A model of fuzzy linguistic IRS based on multi-granular linguistic information

Linguistic description
DOI: 10.1016/j.ijar.2003.07.009 Publication Date: 2003-09-12T10:50:46Z
ABSTRACT
AbstractAn important question in IRSs is how to facilitate the IRS-user interaction, even more when the complexity of the fuzzy query language makes difficult to formulate user queries. The use of linguistic variables to represent the input and output information in the retrieval process of IRSs significantly improves the IRS-user interaction. In the activity of an IRS, there are aspects of different nature to be assessed, e.g., the relevance of documents, the importance of query terms, etc. Therefore, these aspects should be assessed with different uncertainty degrees, i.e., using several label sets with different granularity of uncertainty.In this contribution, an IRS based on fuzzy multi-granular linguistic information and a method to process the multi-granular linguistic information are proposed.

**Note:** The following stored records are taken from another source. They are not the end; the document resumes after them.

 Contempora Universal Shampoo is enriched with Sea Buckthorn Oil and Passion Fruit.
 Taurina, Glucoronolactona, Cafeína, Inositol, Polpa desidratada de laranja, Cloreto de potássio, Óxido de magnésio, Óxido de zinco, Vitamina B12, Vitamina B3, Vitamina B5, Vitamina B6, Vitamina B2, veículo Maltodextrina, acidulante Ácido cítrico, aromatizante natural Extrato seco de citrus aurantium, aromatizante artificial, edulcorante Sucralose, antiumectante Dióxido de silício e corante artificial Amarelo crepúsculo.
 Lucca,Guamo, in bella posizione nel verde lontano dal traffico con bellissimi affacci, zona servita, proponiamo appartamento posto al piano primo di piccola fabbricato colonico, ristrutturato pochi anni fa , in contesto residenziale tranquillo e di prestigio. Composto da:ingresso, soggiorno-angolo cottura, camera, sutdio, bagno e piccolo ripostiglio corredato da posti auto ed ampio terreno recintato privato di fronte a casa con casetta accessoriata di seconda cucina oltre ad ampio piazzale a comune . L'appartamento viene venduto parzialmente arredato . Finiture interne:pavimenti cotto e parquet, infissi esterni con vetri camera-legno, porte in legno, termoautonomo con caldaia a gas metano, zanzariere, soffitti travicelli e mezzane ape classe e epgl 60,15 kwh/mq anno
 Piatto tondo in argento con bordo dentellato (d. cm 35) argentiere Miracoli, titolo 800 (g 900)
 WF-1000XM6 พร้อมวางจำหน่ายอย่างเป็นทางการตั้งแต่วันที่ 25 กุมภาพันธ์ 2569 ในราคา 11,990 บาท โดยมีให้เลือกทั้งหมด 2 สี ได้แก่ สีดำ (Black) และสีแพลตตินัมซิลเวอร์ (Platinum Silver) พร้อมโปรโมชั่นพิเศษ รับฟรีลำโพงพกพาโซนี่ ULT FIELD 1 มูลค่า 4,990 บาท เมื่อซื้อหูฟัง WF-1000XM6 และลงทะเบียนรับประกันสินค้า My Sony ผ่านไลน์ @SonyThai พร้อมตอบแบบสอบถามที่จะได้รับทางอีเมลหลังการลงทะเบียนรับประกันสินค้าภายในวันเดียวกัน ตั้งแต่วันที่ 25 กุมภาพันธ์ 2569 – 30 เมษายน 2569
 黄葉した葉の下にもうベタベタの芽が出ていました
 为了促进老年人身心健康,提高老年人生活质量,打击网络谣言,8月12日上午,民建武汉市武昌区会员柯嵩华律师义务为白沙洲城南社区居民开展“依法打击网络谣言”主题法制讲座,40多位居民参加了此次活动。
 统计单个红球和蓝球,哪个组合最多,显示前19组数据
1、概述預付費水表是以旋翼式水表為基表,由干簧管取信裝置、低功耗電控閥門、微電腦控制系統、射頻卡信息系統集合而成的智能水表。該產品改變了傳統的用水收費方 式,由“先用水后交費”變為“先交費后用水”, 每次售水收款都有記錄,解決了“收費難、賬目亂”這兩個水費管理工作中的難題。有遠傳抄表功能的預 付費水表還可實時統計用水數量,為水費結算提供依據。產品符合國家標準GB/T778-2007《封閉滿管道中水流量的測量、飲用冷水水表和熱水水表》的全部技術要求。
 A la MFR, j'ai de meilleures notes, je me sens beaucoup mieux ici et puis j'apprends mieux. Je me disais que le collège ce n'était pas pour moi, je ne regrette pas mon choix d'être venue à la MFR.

The system accepts Boolean queries whose terms can be simultaneously weighted by means of ordinal linguistic values according to three semantics: a symmetrical threshold semantics, a relative importance semantics and a quantitative semantics. In the three semantics, the linguistic weights are represented by the linguistic variable “Importance”, but assessed on different label sets S1, S2 and S3, respectively. The IRS evaluates weighted queries and obtains the linguistic retrieval status values of documents represented by the linguistic variable “Relevance” which is expressed on a different label set S′.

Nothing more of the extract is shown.